All of this is to say that “A Darkness Surrounds Him” is one of the more promising TV debuts of the year because it wastes no time establishing its world, characters, and themes. As Alex McCown mentions in his pre-air review, the show boasts “structural consistency” from one episode to the next, rather than “the “movie-in-13-acts” structure that’s typical of too many shows, especially one’s native to streaming platforms. There’s a larger narrative teased in the premiere, with mention of some sort of supernatural “merger” and the connective thread that is Kyle Barnes and his inability to escape these monsters, but “A Darkness Surrounds Him” succeeds by simply embodying everything a series premiere should be. It takes a bit of time to set up the world and the tone, and then dives straight into the story, familiarizing us with the characters, Rome, and the way everything intersects. “A Darkness Surrounds Him” is tense, beautifully shot, and expertly paced, resulting in a very promising start to the latest genre fare from Cinemax.

Stray observations

  • Welcome to weekly reviews of Outcast! It’s good to know all of us can cower in a corner together if need be. Also, be kind to your fellow commenters when discussing any plot points from the comic series that you think could be considered spoilers.

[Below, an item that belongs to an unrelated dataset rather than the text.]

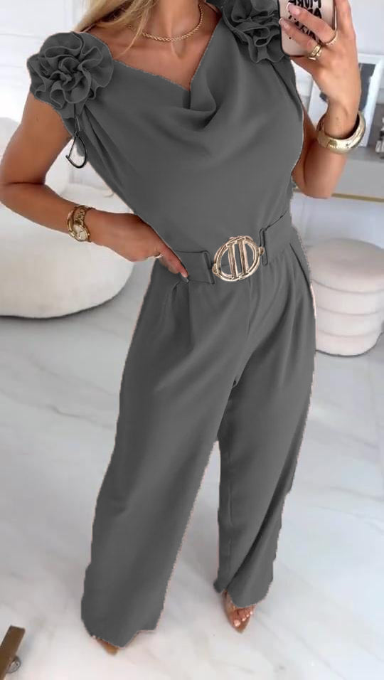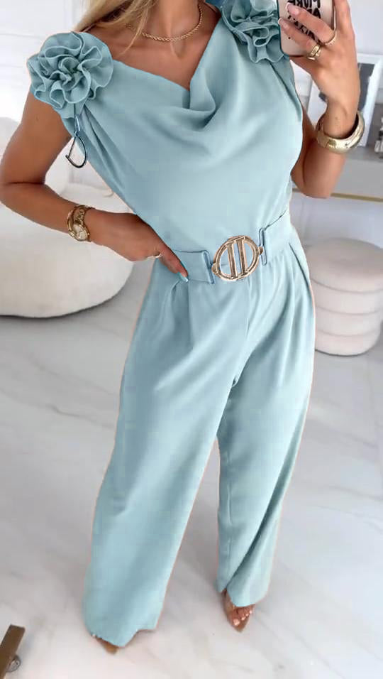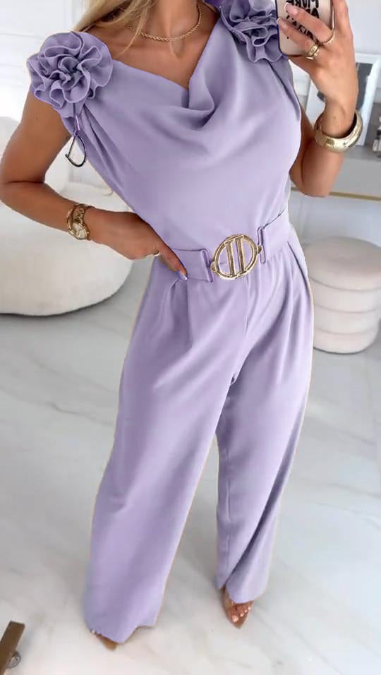 Letni damski kombinezon bez rękawów z trójwymiarowym kwiatowym wzorem i dekoltem w serek

  • Adam Wingard, who’s brought an inspired vision to films like The Guest and You’re Next, is the director here, and boy does he hit it out of the park with that first scene.
  • Patrick Fugit’s performance looks good early on, embodying the broken, vulnerable, but also hardened nature of Kyle Barnes.
  • One of the more intriguing threads hinted at is the connection between the Reverend and the Chief of police. Something tells me there’s a lot going on behind closed doors in Rome.
  • I have a lot of faith in a show like this being on Cinemax, where genre fare like Banshee is given a long leash to execute its creative vision.